Sunday, July 7, 2013

Sampling

Given a stream of numbers, choose a sample of k numbers. This idea is very useful in data analysis applications where a random sample is taken for analysis from a very large stream.

In the case where the stream size n is small, a Knuth's shuffle can be performed. The required sample is the first k numbers in the generated permutation.

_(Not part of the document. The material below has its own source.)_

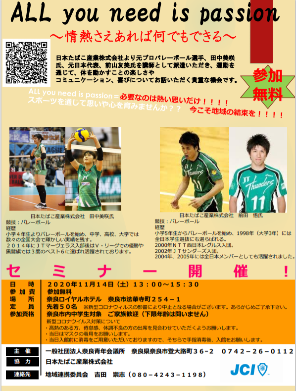 奈良青年会議所では、青少年事業「ALL you need is passion」と題し、日本たばこ産業株式会社からプロバレーボールプレイヤーとして活躍された、田中美咲氏と前田悟氏をお招きし、中学生を対象にした講演事業を開催いたします。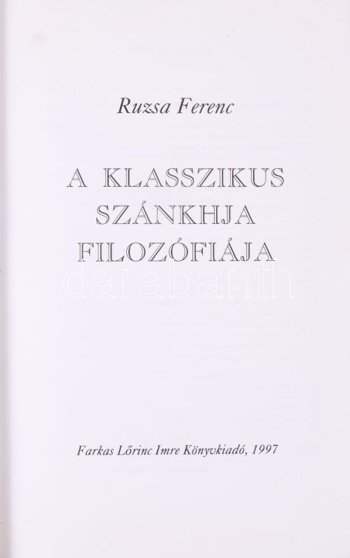 Ruzsa Ferenc: A klasszikus szánkhja filozófia. Farkas Lőrinc Imre Kiadó, 1997. Kiadói papírkötés

In many applications, the size of the stream is very large and continuously getting updated. The stream size is so large that the numbers do not fit into the memory. In these cases, a variation of Knuth's shuffle can be performed to obtain a random sample. The algorithm is outlined below:

Step 1: Create an array R of size k. Copy the first k elements (index 0 through k-1) of the stream S to R.

for(int i = 0; i < k; ++i) {
  R[i] = S[i]
}

S1
S2
...
Sk-2
Sk-1
S6
S7
S8
...
Sn

S1
S2
...
Sk--2
Sk-1

If the size of R is <= k, no further steps are necessary. We have a sample of size <= k.

Step 2: Starting with the element at index k of the input, perform the following:
for(int i = k; i < n; ++i) {
  Generate a random number j in the range (0, i)
  if(j < k) {
    swap(R[j], S[i])
  }
}
Return R

The invariant of the algorithm is that as we iterate through the input array, at all time we maintain R to be a random sample of size k from the input we have seen so far i.e. if we have seen n elements in S, the probability of each element being in R is n / k.
When we see the (n + 1)'th element, if we swap it with an element in R with a probability of (n + 1) / k then we will continue maintaining the invariant for the newly seen element as well as for the already selected elements.

The time complexity of this algorithm is O(n) and requires O(k) additional space.